EXERCISE DIRECTIONS
Everything below from the line with "Ao todo, três" through the line with "Aus diesem Grund" must be retyped exactly, except the pictures.

━━━━

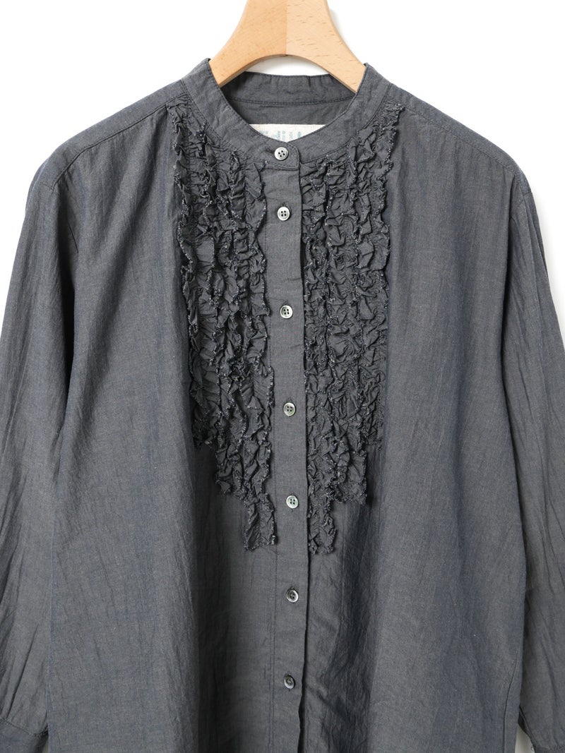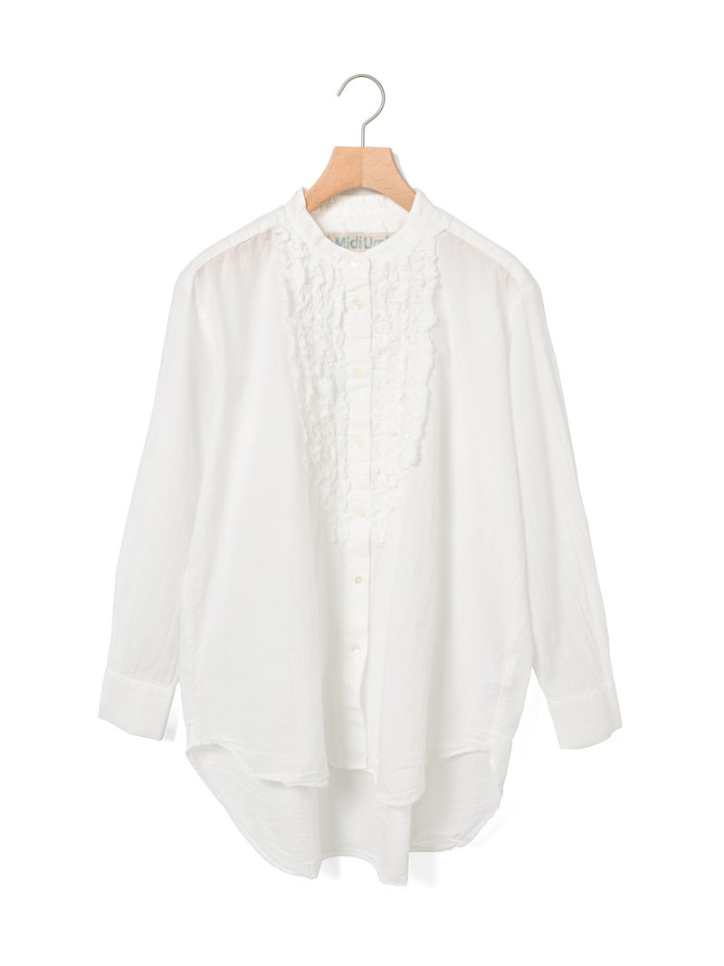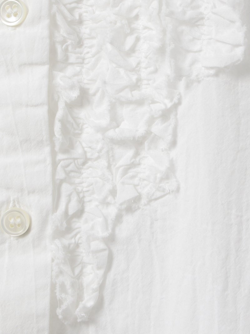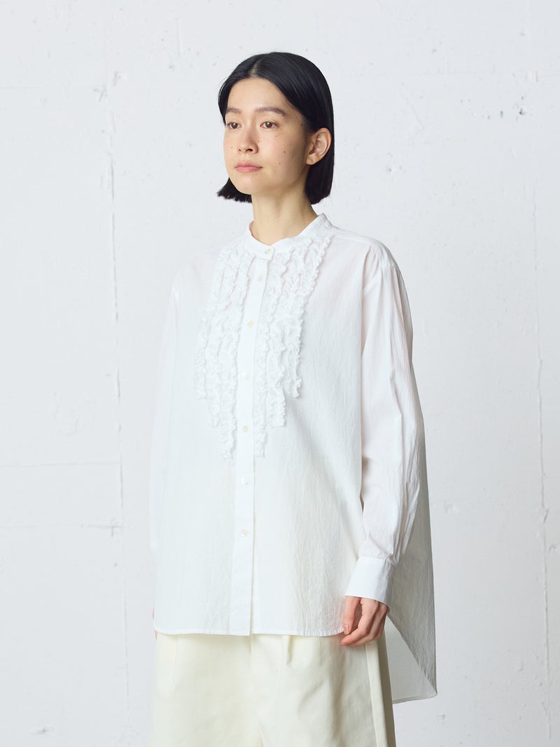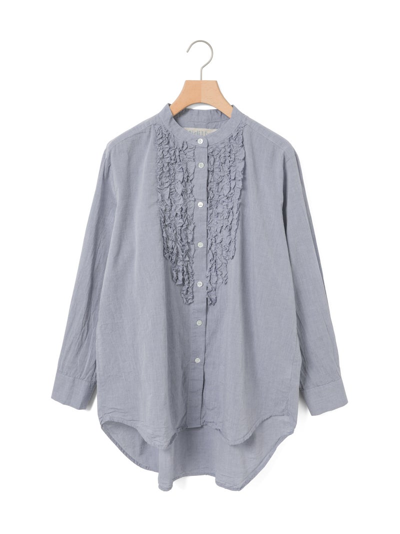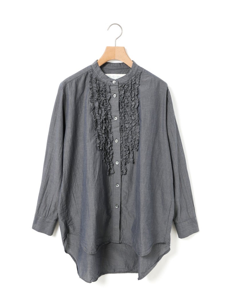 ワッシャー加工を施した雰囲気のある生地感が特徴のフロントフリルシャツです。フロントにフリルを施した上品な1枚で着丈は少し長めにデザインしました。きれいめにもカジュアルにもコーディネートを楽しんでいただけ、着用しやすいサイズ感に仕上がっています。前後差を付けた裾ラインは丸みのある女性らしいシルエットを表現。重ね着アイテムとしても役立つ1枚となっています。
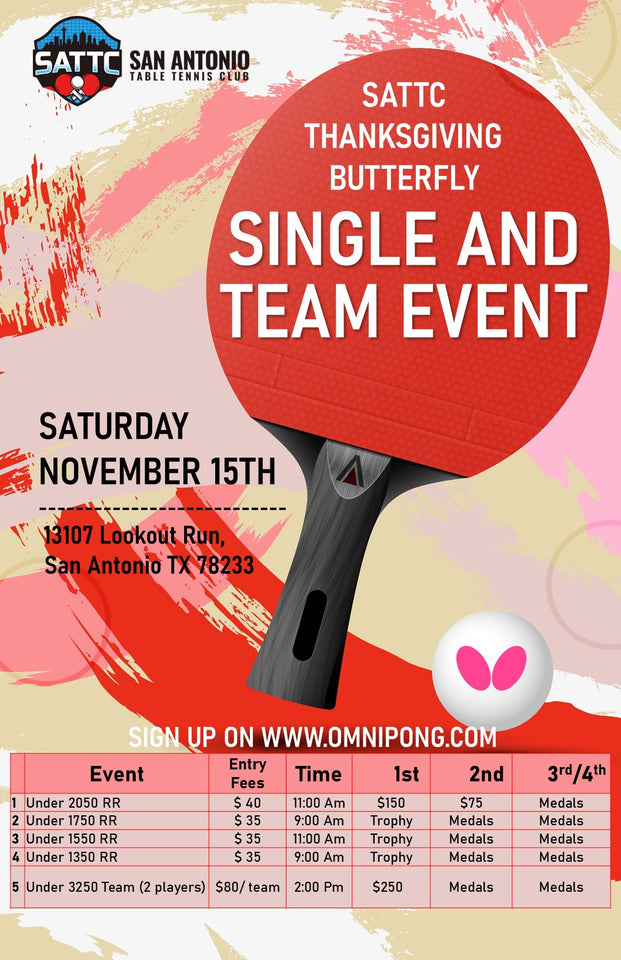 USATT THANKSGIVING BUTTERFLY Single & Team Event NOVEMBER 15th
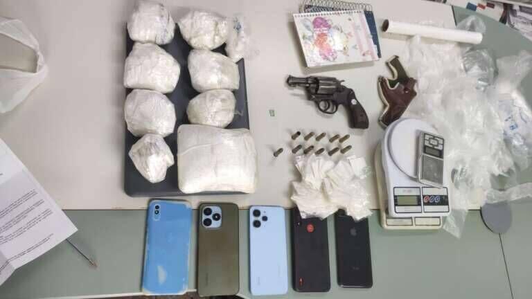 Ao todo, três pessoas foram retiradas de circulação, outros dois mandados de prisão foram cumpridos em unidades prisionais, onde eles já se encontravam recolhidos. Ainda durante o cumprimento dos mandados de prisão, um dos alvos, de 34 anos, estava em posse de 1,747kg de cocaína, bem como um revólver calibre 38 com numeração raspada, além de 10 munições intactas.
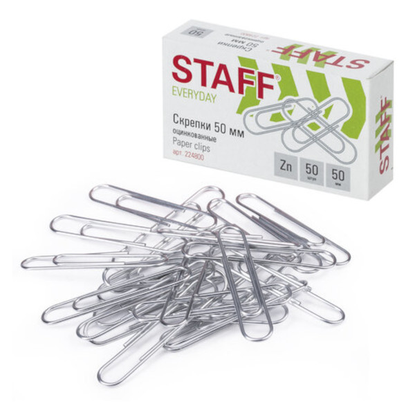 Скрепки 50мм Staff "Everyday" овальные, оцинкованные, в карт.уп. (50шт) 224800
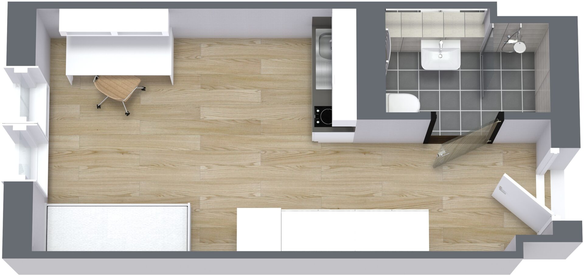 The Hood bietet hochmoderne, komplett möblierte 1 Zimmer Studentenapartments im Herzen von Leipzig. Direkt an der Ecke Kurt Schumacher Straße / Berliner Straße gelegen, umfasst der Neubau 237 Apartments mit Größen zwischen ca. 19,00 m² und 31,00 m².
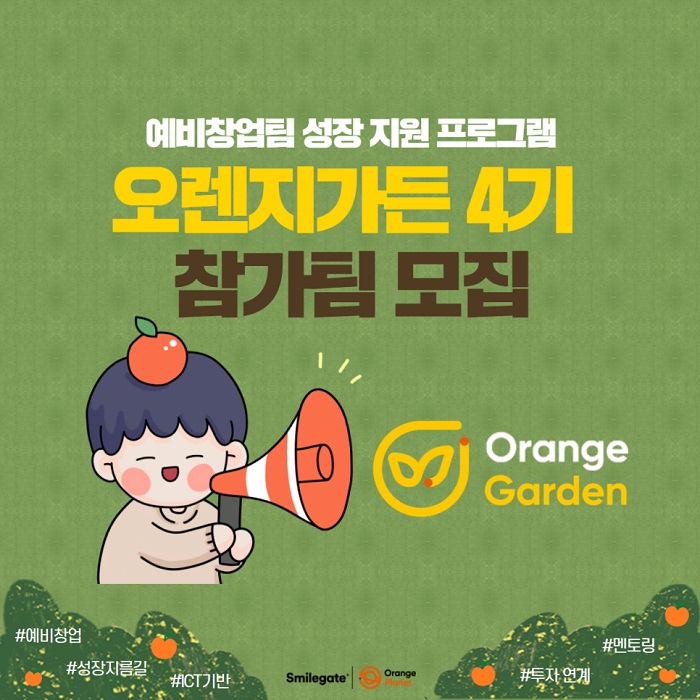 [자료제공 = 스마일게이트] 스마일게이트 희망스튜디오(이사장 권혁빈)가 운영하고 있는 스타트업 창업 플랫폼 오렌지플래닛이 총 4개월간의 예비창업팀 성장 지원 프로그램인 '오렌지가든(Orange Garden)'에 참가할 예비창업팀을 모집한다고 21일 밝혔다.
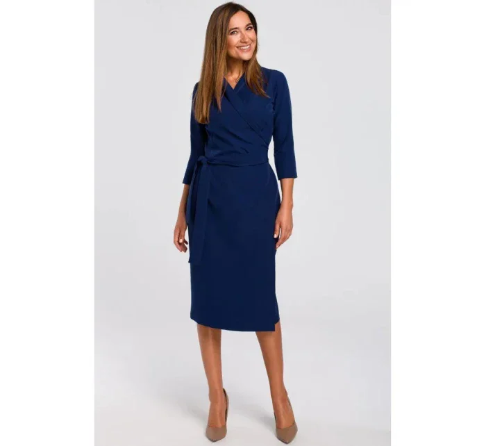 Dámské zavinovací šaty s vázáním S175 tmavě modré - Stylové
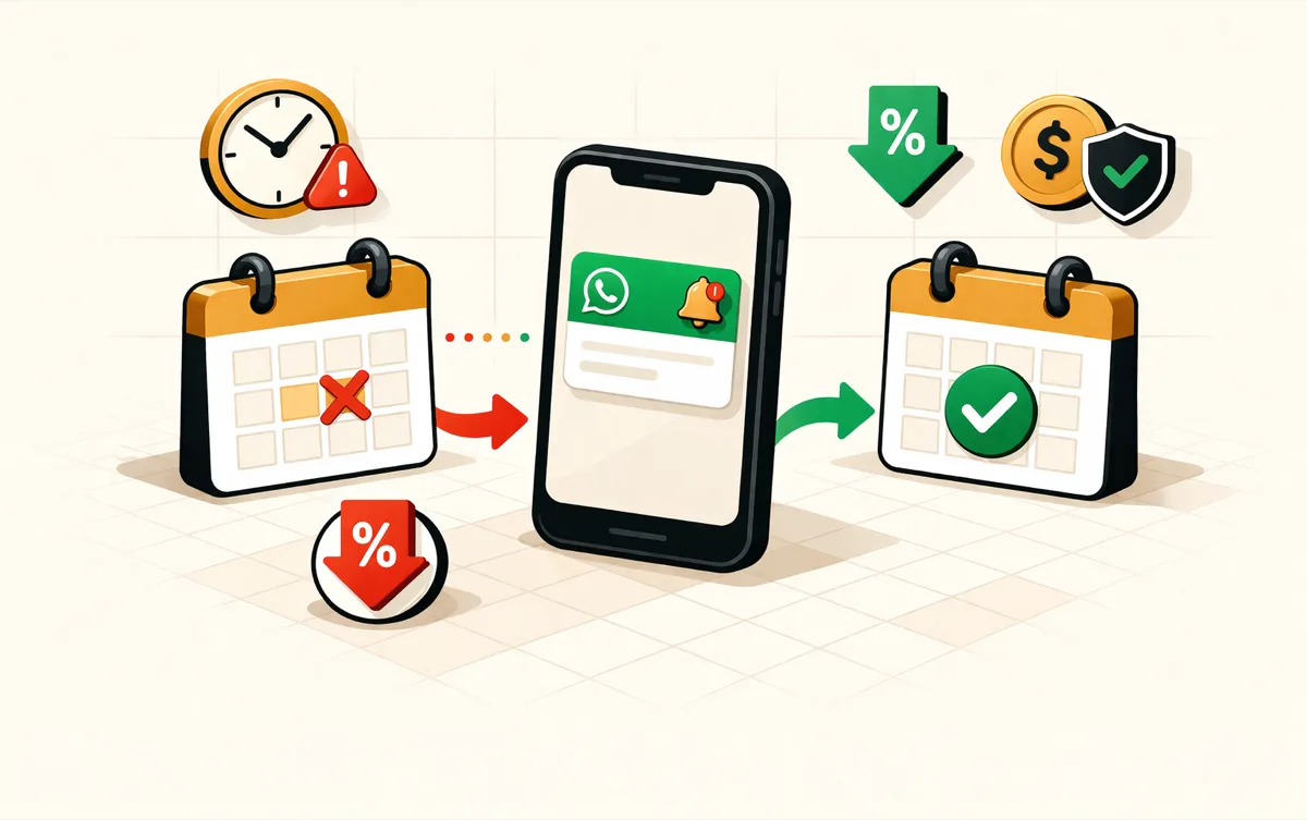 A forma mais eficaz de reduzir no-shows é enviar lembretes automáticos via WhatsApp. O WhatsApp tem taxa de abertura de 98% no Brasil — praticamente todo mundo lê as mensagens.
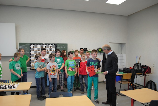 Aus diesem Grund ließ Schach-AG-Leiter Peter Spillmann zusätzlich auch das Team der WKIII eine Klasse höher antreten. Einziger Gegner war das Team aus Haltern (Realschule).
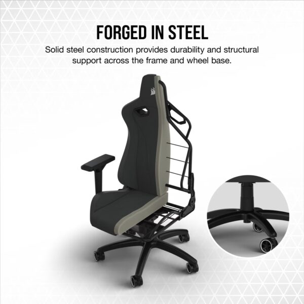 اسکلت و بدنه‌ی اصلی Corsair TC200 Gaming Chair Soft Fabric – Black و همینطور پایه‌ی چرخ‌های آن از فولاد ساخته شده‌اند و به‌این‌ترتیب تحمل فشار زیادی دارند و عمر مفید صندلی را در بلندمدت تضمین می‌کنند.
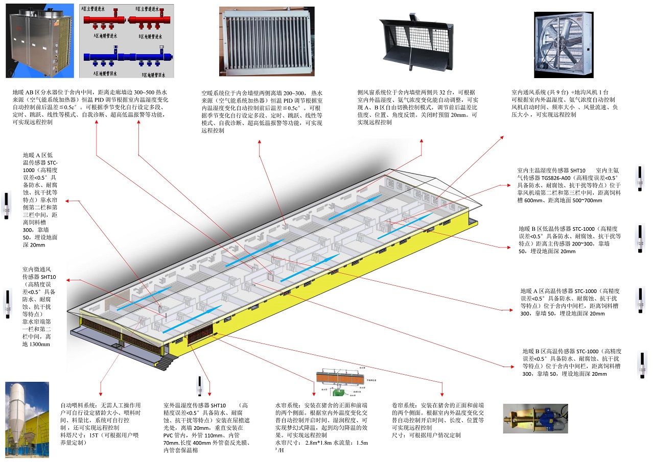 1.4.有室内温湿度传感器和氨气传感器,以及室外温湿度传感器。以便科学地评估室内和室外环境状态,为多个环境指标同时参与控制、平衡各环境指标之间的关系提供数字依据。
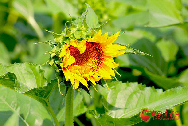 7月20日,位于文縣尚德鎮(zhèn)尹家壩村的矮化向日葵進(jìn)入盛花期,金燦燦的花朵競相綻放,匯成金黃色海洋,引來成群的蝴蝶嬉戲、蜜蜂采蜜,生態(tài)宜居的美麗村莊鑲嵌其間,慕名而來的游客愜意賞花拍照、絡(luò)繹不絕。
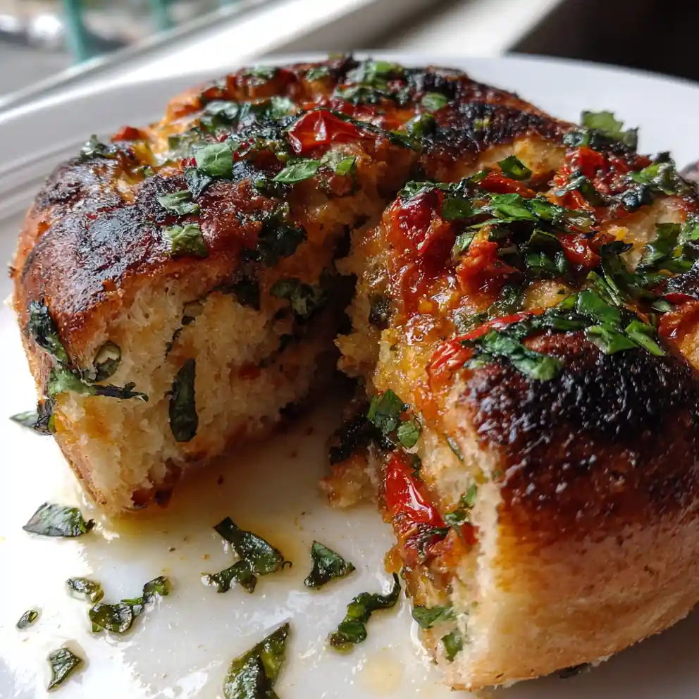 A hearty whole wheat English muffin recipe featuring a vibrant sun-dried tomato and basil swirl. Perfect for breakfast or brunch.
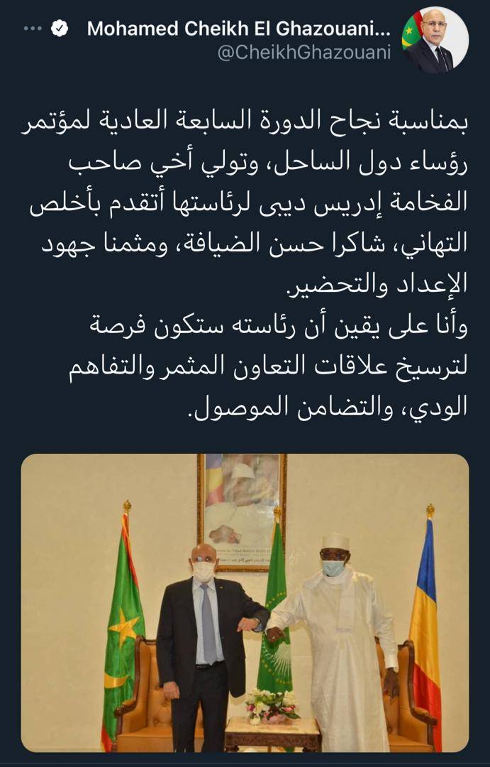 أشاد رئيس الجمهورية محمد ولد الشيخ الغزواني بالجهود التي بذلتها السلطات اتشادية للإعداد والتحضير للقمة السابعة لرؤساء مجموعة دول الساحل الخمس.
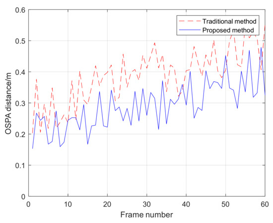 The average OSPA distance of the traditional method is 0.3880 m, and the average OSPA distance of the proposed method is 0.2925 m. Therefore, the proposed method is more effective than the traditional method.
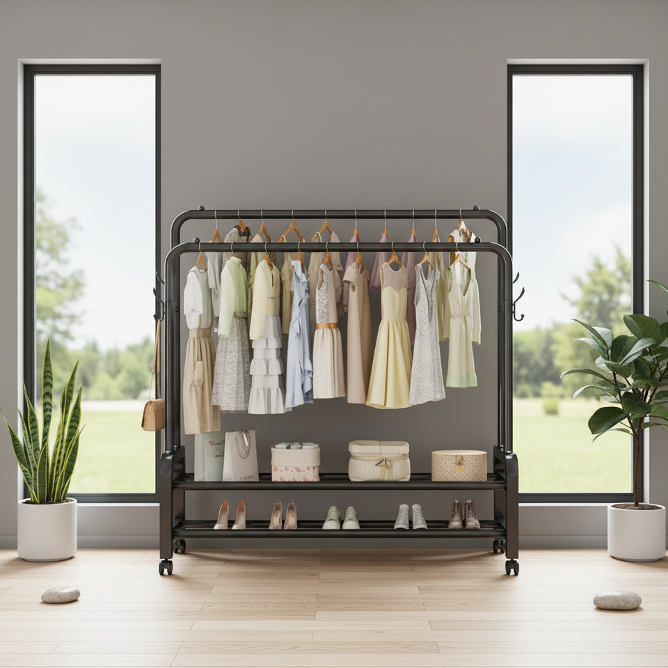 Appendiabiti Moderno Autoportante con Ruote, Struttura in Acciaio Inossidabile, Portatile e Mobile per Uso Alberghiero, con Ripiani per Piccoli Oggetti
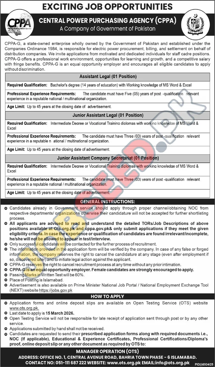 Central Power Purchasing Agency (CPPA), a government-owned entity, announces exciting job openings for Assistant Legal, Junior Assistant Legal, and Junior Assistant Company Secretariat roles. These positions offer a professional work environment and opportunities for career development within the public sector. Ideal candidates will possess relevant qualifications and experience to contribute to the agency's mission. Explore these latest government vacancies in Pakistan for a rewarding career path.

━━━━

SOLUTION TO THE EXERCISE
 Ao todo, três pessoas foram retiradas de circulação, outros dois mandados de prisão foram cumpridos em unidades prisionais, onde eles já se encontravam recolhidos. Ainda durante o cumprimento dos mandados de prisão, um dos alvos, de 34 anos, estava em posse de 1,747kg de cocaína, bem como um revólver calibre 38 com numeração raspada, além de 10 munições intactas.
 Скрепки 50мм Staff "Everyday" овальные, оцинкованные, в карт.уп. (50шт) 224800
 The Hood bietet hochmoderne, komplett möblierte 1 Zimmer Studentenapartments im Herzen von Leipzig. Direkt an der Ecke Kurt Schumacher Straße / Berliner Straße gelegen, umfasst der Neubau 237 Apartments mit Größen zwischen ca. 19,00 m² und 31,00 m².
 [자료제공 = 스마일게이트] 스마일게이트 희망스튜디오(이사장 권혁빈)가 운영하고 있는 스타트업 창업 플랫폼 오렌지플래닛이 총 4개월간의 예비창업팀 성장 지원 프로그램인 '오렌지가든(Orange Garden)'에 참가할 예비창업팀을 모집한다고 21일 밝혔다.
 Dámské zavinovací šaty s vázáním S175 tmavě modré - Stylové
 A forma mais eficaz de reduzir no-shows é enviar lembretes automáticos via WhatsApp. O WhatsApp tem taxa de abertura de 98% no Brasil — praticamente todo mundo lê as mensagens.
 Aus diesem Grund ließ Schach-AG-Leiter Peter Spillmann zusätzlich auch das Team der WKIII eine Klasse höher antreten. Einziger Gegner war das Team aus Haltern (Realschule).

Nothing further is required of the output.